#### YOUR GOAL
The first line of the listing opens the range and the line with "OS PRÊMIOS •" closes it; repeat those lines and all between them word for word, leaving out the pictures.

#### GIVEN INFORMATION
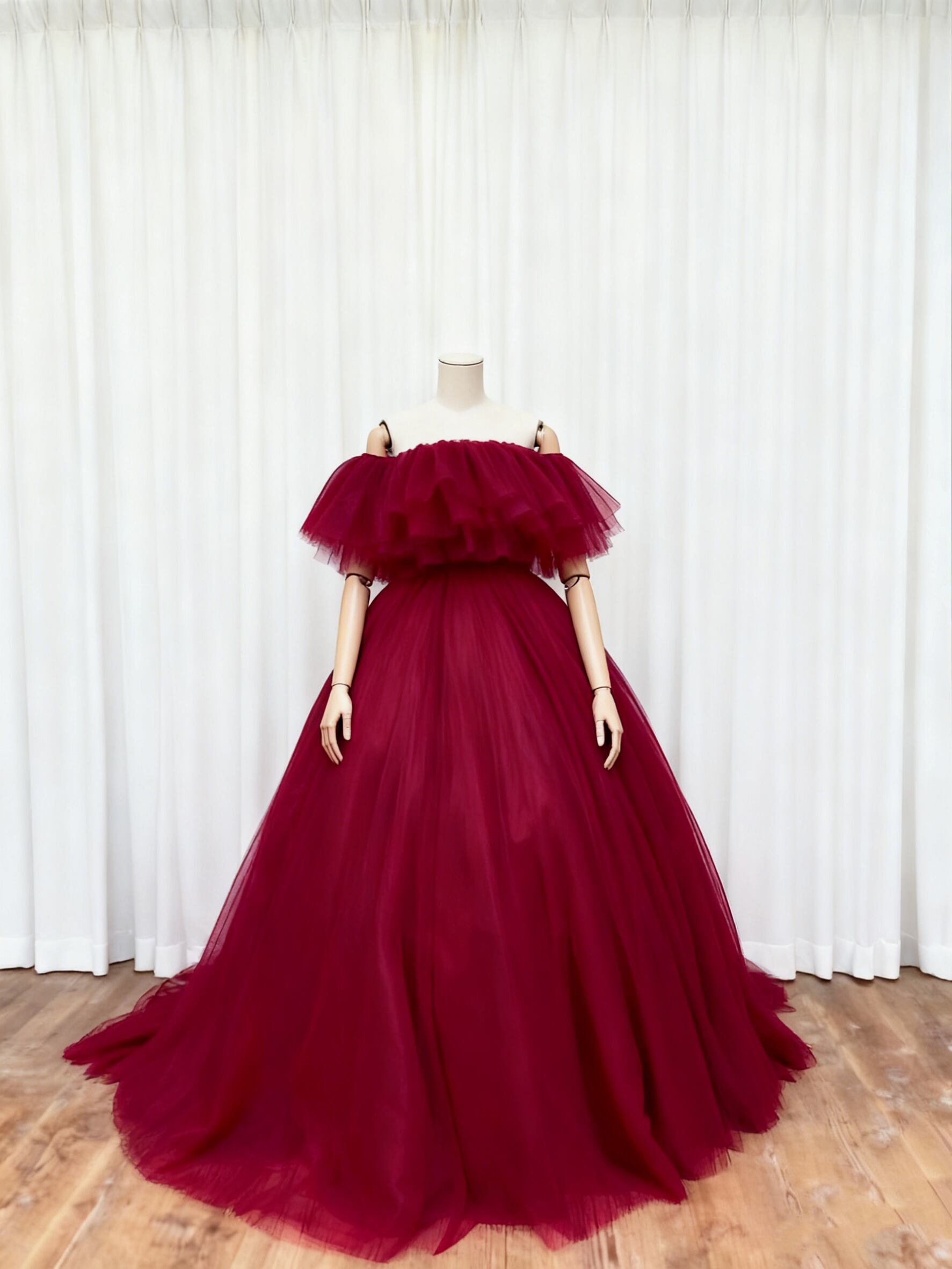 カラードレス オフショルダー ビビッドピンク 柔らかく重ねたチュールスカート フレアスカート 前撮り 抜群におしゃれ度が際立つ
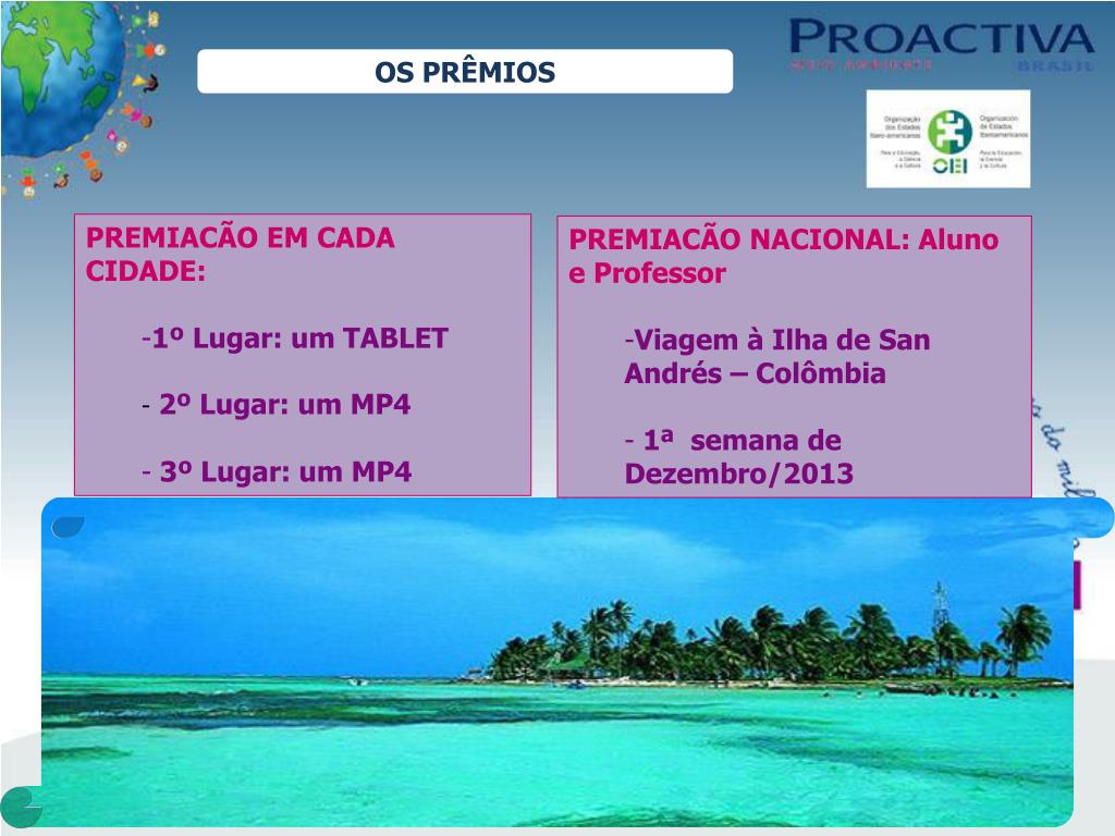 OS PRÊMIOS • PREMIACÃO EM CADA CIDADE: • 1º Lugar: um TABLET • 2º Lugar: um MP4 • 3º Lugar: um MP4 • PREMIACÃO NACIONAL: Aluno e Professor • Viagem à Ilha de San Andrés – Colômbia • 1ª semana de Dezembro/2013
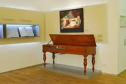 Since 1973, five baroque keyboard instruments are demonstrated in a music performance every hour.[52] These include two chamber organs (Switzerland, ca. 1750,[53] and Thuringia, ca. 1650), a fretted clavichord (around 1770),[54] and a spinet built 1765 in Strasbourg by Johann Heinrich Silbermann, a nephew of Gottfried Silbermann whose instruments Bach helped sell in Leipzig.[55] The Thuringian positive organ's history and Bach's biography overlap: from 1714 on, it served as a church organ in Kleinschwabhausen, about 15 km from Weimar where Bach was court organist at the time. Bach's protégée and family friend, the court organ maker Heinrich Nicolaus Trebs, repaired the organ in 1724 and 1740, and Johann Caspar Vogler, Bach's student and successor as court organist, tested the organ in 1738, 1740 and 1744. Since inspecting the dukedom's organs belonged to the court organist's duties, the museum conjectures that Bach must have known and played this instrument, even though there is no record of it.[56]

#### RESULT BELOW
 カラードレス オフショルダー ビビッドピンク 柔らかく重ねたチュールスカート フレアスカート 前撮り 抜群におしゃれ度が際立つ
 OS PRÊMIOS • PREMIACÃO EM CADA CIDADE: • 1º Lugar: um TABLET • 2º Lugar: um MP4 • 3º Lugar: um MP4 • PREMIACÃO NACIONAL: Aluno e Professor • Viagem à Ilha de San Andrés – Colômbia • 1ª semana de Dezembro/2013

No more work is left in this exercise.